The mole ratio of $C{O}_3^{2-}:H^{+}$ is 1:2

Therefore, moles of $H^{+}$ i.e. $HCl$ required are

$0.00250 mol C{O}_3^{2-}\times \frac{2 mol H^{+} }{1 mol C{O}_3^{2-}}=0.0050 mol H^{+}$

i.e. $Moles of HCl=0.0050 mol$

Calculating the volume of $HCl$,

$0.0050 mol HCl\times \frac{1 L}{0.0100 mol}=0.50 L HCl$

Converting volume in L to mL

$0.50 L HCl\times \frac{1000 mL}{1 L}=500.0 mL HCl$

Therefore, $500.0 mL 0.100 M HCl$ is required to titrate with $250 mL of 0.0100 M {Na}_{2}C{O}_3$.

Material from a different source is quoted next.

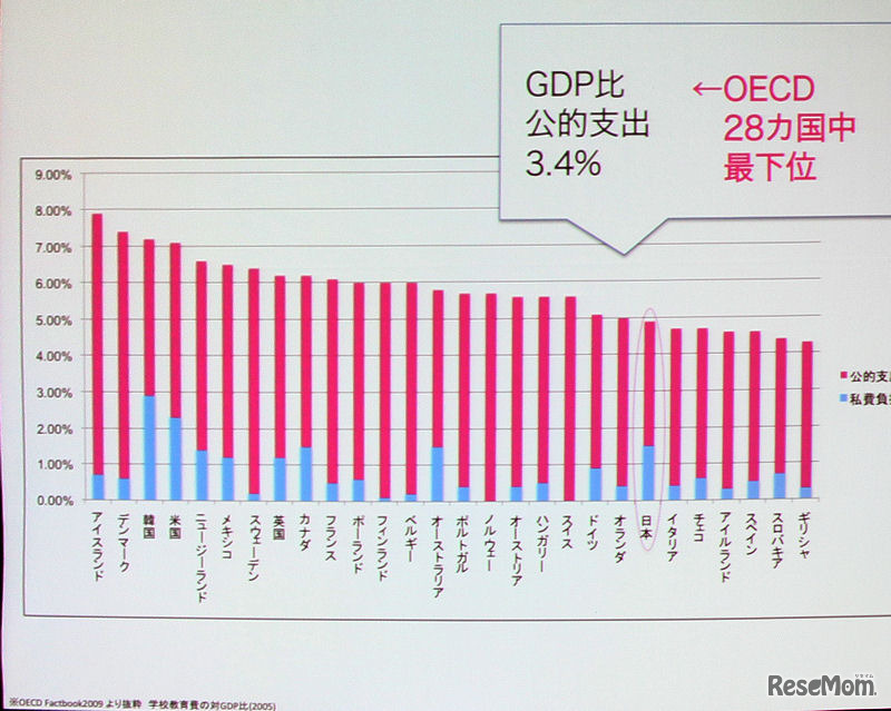 公的な教育予算も低い日本

b) The volume of $0.0100 M HCl$  required to titrate $250 mL of 0.0100 M HC{O}_3^{-}$

Converting the volume in mL to L

$250 mL HC{O}_3^{-}\times \frac{1 L}{1000 mL}=0.250 L HC{O}_3^{-}$

Calculating the moles of $HC{O}_3^{-}$

$Mol of HC{O}_3^{-}=\frac{0.0100 mol}{1 L}\times 0.250 L=0.00250 mol$

The reaction for titration of $HCl$ and $HC{O}_3^{-}$ is

$HC{O}_3^{-}\left(aq\right)+H^{+}\left(aq\right)\to H_{2}C{O}_3$

The mole ratio of $HC{O}_3^{-}:H^{+}$ is 1:1

Therefore, moles of $H^{+}$ i.e. $HCl$ required are

$0.00250 mol HC{O}_3^{-}\times \frac{1 mol H^{+} }{1 mol HC{O}_3^{-}}=0.00250 mol H^{+}$

i.e. $Moles of HCl=0.000250 mol$

Calculating the volume of $HCl$

$0.00250 mol HCl\times \frac{1 L}{0.0100 mol}=0.250 L HCl$

Converting volume in L to mL

$0.250 L HCl\times \frac{1000 mL}{1 L}=250.0 mL HCl$

Therefore, $250.0 mL 0.100 M HCl s required to titrate with 250 mL of 0.0100 M HC{O}_3^{-}.$

Conclusion:

Stoichiometry of the reaction of carbonate and bicarbonate ions with a strong acid such as $HCl$ can be used to find the volume of $HCl$ required to reach the equivalence points.